Ein Maskulinum wie „Mensch“ könne daher ebenso eine Frau bezeichnen wie das Femininum „Person“ einen Mann. „Ebenso kann ein generisches Maskulinum wie „die Kunden“ Menschen jeglichen Geschlechts bezeichnen, Genus und Sexus müssen also nicht gekoppelt sein“, betonen die Sprachexperten weiter. Sprachhistorische Untersuchungen belegten zudem, dass das generische Maskulinum keineswegs erst in jüngerer Zeit Verwendung finde, sondern bereits im Althochdeutschen „als eine inklusive, also geschlechtsneutrale Verwendung“ belegt sei.

 

„Das Deutsche verfügt also bereits seit Jahrhunderten über ein Mittel, geschlechtsneutral zu formulieren“, konstatieren die Wissenschaftler: „Ein Bedarf für das Erstellen von Neuformen besteht grundsätzlich nicht.“ Auch gebe es keinen belastbaren Beleg dafür, dass generische Maskulina mental vorrangig „Bilder von Männern“ erzeugten – entscheidend sei vielmehr der Kontext, der in einschlägigen Studien meist ausgeblendet werde, klagen die Sprachexperten: „Die pauschalisierende Bewertung des generischen Maskulinums als grundsätzlich diskriminierende Sprachform ist auf wissenschaftlicher Basis nicht begründbar.“

Sind Frauen in der Sprache "zu wenig sichtbar"? - Foto: Gutenberg Museum Mainz
Sind Frauen in der Sprache „zu wenig sichtbar“? – Foto: Gutenberg Museum Mainz

Geradezu „abwegig“ sei die Behauptung von der angeblichen „Unsichtbarkeit“ der Frau in der deutschen Sprache, „oder die These, mit einem Eingriff in sprachliche Strukturen könnten gesellschaftliche Veränderungen bewirkt werden“, heißt es im Aufruf weiter.

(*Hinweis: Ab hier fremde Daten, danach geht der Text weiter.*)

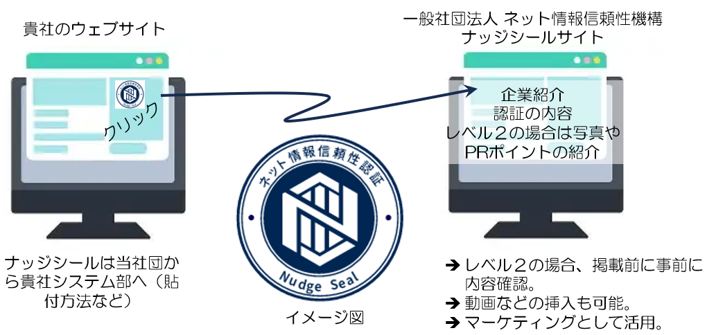 - 認証を得た組織は、自社サイト上に貼られたナッジシールをクリックすることで、登録日や有効期限、登録リスト、審査内容などを確認することができます。利用者も同様に確認できます。
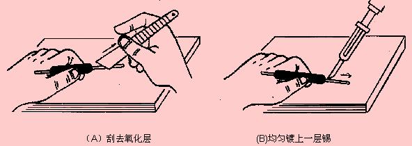 ?。ㄒ唬┣宄附硬课坏难趸瘜?br /> 1.可用斷鋸條制成小刀。刮去金屬引線表面的氧化層,使引腳露出金屬光澤。

Vielmehr führe das Gendern im Gegenzug „zu einer ausgeprägten Sexualisierung der Sprache, also zu einer permanenten Betonung von Geschlechterdifferenzen“, kritisieren die Sprachwissenschaftler: „Daher wird das wichtige Ziel der Geschlechtergerechtigkeit konterkariert.“ Im Hinblick auf das angestrebte Ziel der Geschlechtergerechtigkeit „ist Gendern also dysfunktional“, so die Bilanz.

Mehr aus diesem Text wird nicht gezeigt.